Defendant’s Stringer challenge is narrow. He attacks factor (a), the “circumstances of the crime,” and factor (i), the “age of the defendant at the time of the crime.”

*651The majority reject the claim. They do so because they themselves do not find factors (a) and (i) to be vague. But “[wjhat is dispositive is not what jurists on appellate courts may announce, but what laypersons on juries may understand.” (People v. Proctor, supra, ante, at p. 567 (dis. opn. of Mosk, J.); accord, People v. Tuilaepa, supra, ante, at p. 597 (conc. opn. of Mosk, J.).) In this regard, consider factor (i). “We have held that ‘age’ can be aggravating or mitigating or neither depending on the peculiar facts of the individual case. (E.g., People v. Lucky (1988) 45 Cal.3d 259, 302 [247 Cal.Rptr. 1, 753 P.2d 1052].) Whether a juror would come to the same conclusion, however, is another matter." (People v.

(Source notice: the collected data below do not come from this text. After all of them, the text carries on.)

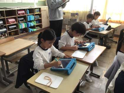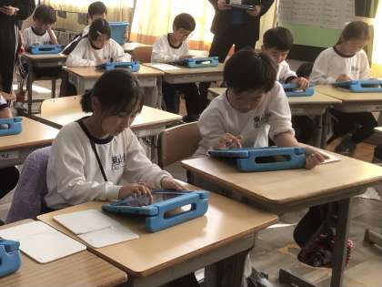 学習用タブレットを使って、車が走った距離について調べました。
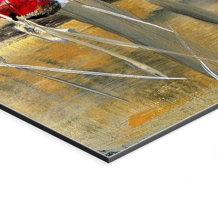 Das Kunstwerk ist auf hochwertigem Aluminium-Dibond gedruckt, das nicht nur durch seine aussergewöhnliche Farbbrillanz, sondern auch durch seine Langlebigkeit und Stabilität besticht. Die glatte, matte Oberfläche des Materials verhindert störende Lichtreflexe und lässt die Farben bei jedem Licht perfekt zur Geltung kommen.
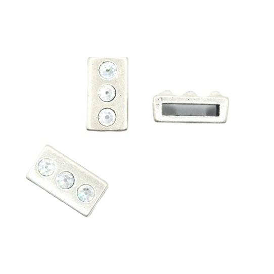 Silver plated Zamak loop for leather 13mm with 3 rhinestones Swarovski.
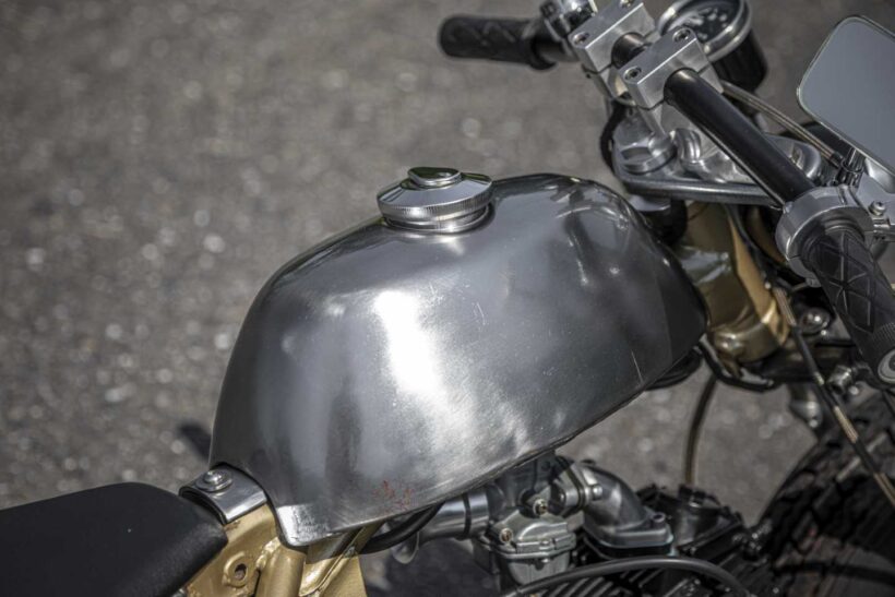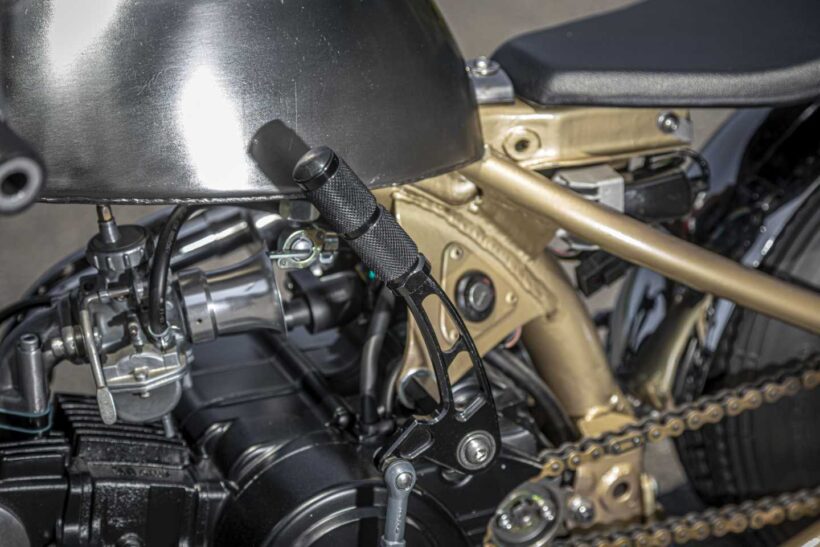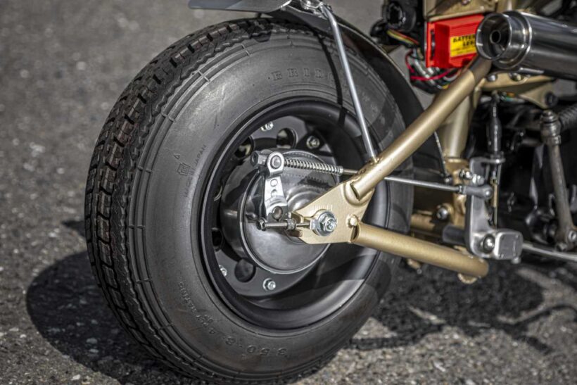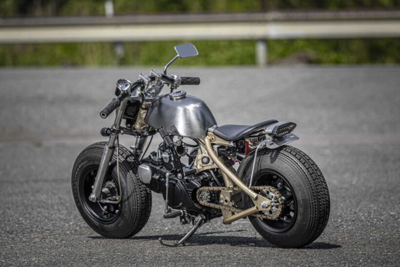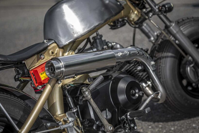 バイクカスタム 小さなモンキーでチョッパーをつくるなら……タイヤ選びは重要!【ビンテージテイスト抜群のモンキーカスタム】【写真・6枚目】 ブラックホイールとブレーキドラムをバフがけし、タイヤを際立たせる。4.75Jホイールに3.50タイヤを組み、引っ張り気味にセット。 ゴールド塗装のフレームとブラック仕様のエンジンが力強いルックスを演出。Z50Aパターンのタイヤは3.50サイズを選択。 アルミステップを加工したステーと連結させ、オリジナルのジョッキーシフトを製作。イグニッション位置にも注目。 サイレンサーのみ市販品を使用したワンオフマフラー。マウントが目立たないよう、サイレンサー下側にステーを溶接。 手叩き風のアルミタンクは4Lイメージの台形デザイン。タンクキャップは純正を使用し、キーを1本化している。 この画像の記事を読む
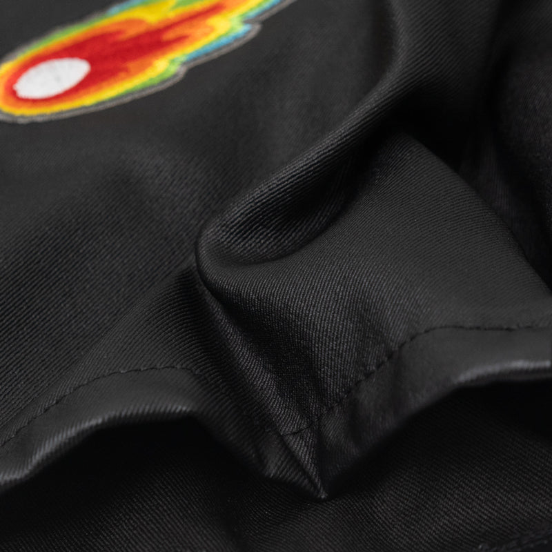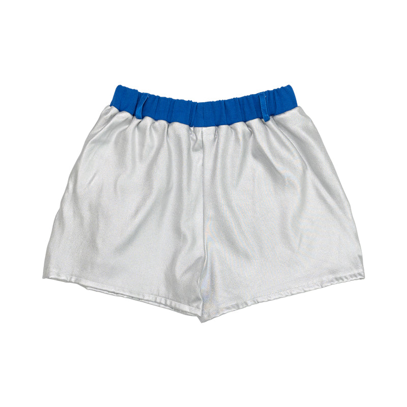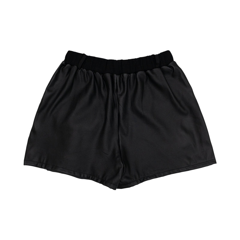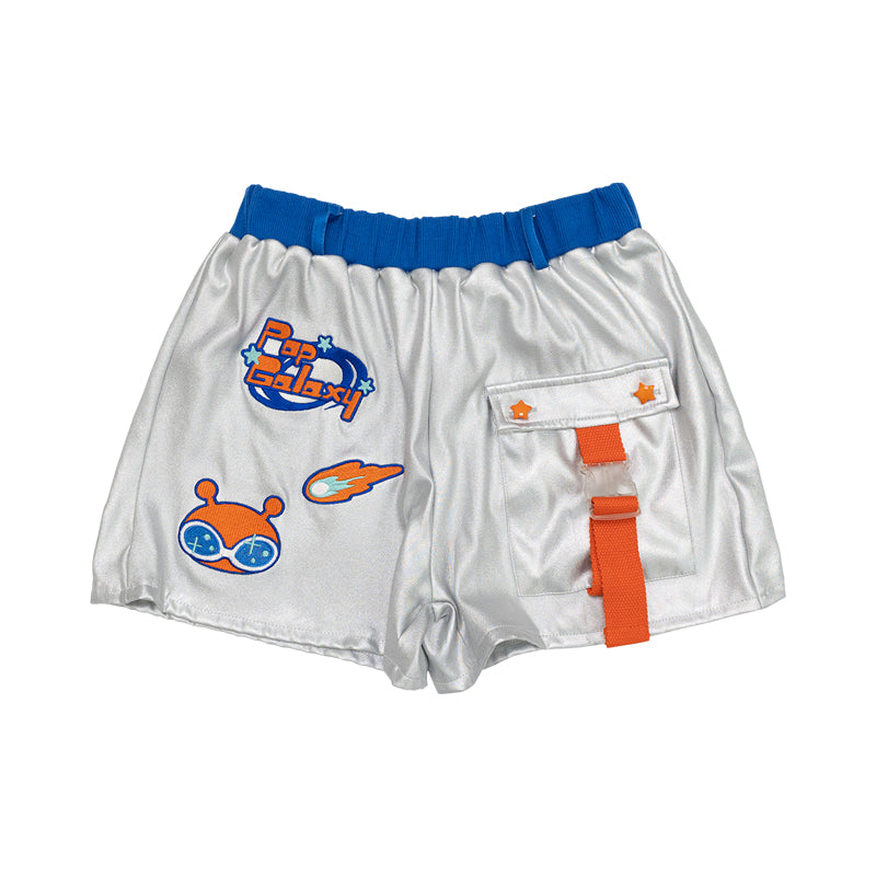 【ディテール】 ツヤ感素材のショートパンツ! 各部のポケットや刺繍デザインがキュート◎ ジャケットとのセットアップがおすすめです♪ ※高温に弱い素材ですのでアイロンや乾燥機のご使用はお控えください。
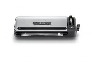 Basta sfiorare un pulsante perché l’apparecchio elimini automaticamente l’aria dal sacchetto; le spie di avanzamento vi avvertono quando viene creato il sottovuoto. Una volta eliminata tutta l’aria, l’apparecchio sigilla a caldo il sacchetto, bloccando la freschezza al suo interno.

Tuilaepa, supra, ante, at p. 597 (conc. opn. of Mosk, J.).)

In the course of their analysis, the majority appear to suggest that if a factor is not vague, it necessarily passes muster under the United States Constitution, even if it “ *leave[s] the sentencer free to evaluate the evidence in accordance with his or her own subjective values.’ ” (Maj. opn., ante, at p. 649, quoting People v. Tuilaepa, supra, ante, at p. 595.) Such a proposition would be too broad. “The requirements imposed by the federal charter are substantive as well as formal. Thus, a factor, no matter how clearly defined, is constitutionally invalid if, for example, it authorizes or allows a juror to ‘attach[] the “aggravating” label to’ matters ‘that are constitutionally impermissible or totally irrelevant to the sentencing process, such as . . .the race, religion, or political affiliation of the defendant’ or ‘to conduct that actually should militate in favor of a lesser penalty, such as perhaps the defendant’s mental illness.’ ” (People v. Tuilaepa, supra, ante, at pp. 597-598 (conc. opn. of Mosk, J.), quoting Zant v. Stephens (1983) 462 U.S. 862, 885 [77 L.Ed.2d 235, 255, 103 S.Ct. 2733].)

A successful Stringer challenge, it must be noted, does not automatically result in reversal. “As Stringer itself makes plain, an instruction incorporating a vague factor is subject to harmless-error analysis.” (People v. Tuilaepa, supra, ante, at p. 598 (conc. opn. of Mosk, J.).) On this record, even if one or both of the factors defendant attacks are deemed vague, no prejudice appears.

In conclusion, having found no reversible error or other defect, I concur in the judgment.

Appellant’s petition for a rehearing was denied March 10, 1993.